抗疟药物的疗效取决于寄生虫的敏感性水平、抗疟药物的生物利用度和药代动力学以及包括免疫在内的宿主因素。宿主免疫可提高抗疟药物的体内治疗效果,但这种效果的机制和程度尚未确定。本研究旨在描述“免疫”血浆对恶性疟原虫感染红细胞表面抗原[RESA]的影响。
测量来自泰国急性恶性疟患者的血浆样本中针对血阶段抗原(主要是环感染红细胞表面抗原[RESA])的抗体滴度。选择“免疫”血浆,并通过光镜评估其对泰国恶性疟原虫实验室株 TM267 的体外寄生虫生长和繁殖的影响。然后,使用 3H-次黄嘌呤摄取抑制法,在存在和不存在“免疫”血浆的情况下,确定奎宁和青蒿琥酯的体外敏感性。药物敏感性用 3H-次黄嘌呤摄取的 50%和 90%抑制浓度(IC50 和 IC90)表示。
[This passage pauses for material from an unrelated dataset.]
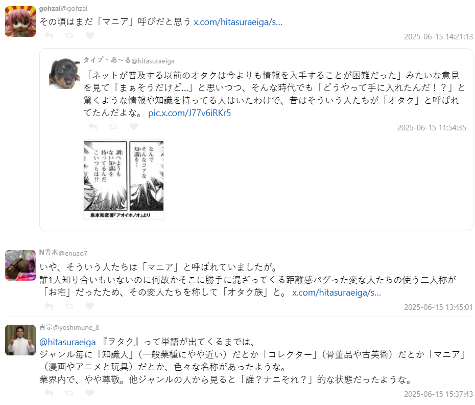 不少人也回憶,當時這類人被稱為「マニア」(狂熱者)、「收集家」、「知識人」等不同稱呼,那時候「御宅族」的詞彙都還沒出現。後來才逐漸以「御宅族」統稱所有深度涉獵者。而在大眾還不懂次文化的年代,他們有時被視為奇人,但在圈內卻是敬畏與崇拜的對象。
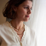 The Gold Hematite & Pearl Spacer necklace by Bella Riley. Exclusive to Percy Langley.

与对照组相比,“免疫”血浆孵育后寄生虫成熟和繁殖减少呈剂量依赖性(中位数[范围];181.5[0 至 3269] cpm 与 1222.5[388 至 5932] cpm)(p=0.001)。因此,“免疫”血浆明显降低了奎宁的表观敏感性;中位数(范围)IC50 6.4(0.5 至 23.8)ng/ml 与 221.5(174.4 至 250.4)ng/ml(p=0.02),并且对青蒿琥酯的敏感性也有临界影响;IC50 0.2(0.02 至 0.3)ng/ml 与 0.8(0.2 至 2.3)ng/ml(p=0.08)。在低浓度下效果最大,改变了浓度-效应关系的形状。IC90 值没有受到显著影响;奎宁的中位数(范围)IC90 448.0(65 至>500)ng/ml 与 368.8(261 至 501)ng/ml(p>0.05)和青蒿琥酯的 17.0(0.1 至 29.5)ng/ml 与 7.6(2.3 至 19.5)ng/ml(p=0.4)。
含有抗疟抗体的“免疫”血浆可抑制寄生虫的发育和繁殖,并增加恶性疟原虫体外抗疟药物的敏感性。IC90 比 IC50 测量受影响小得多。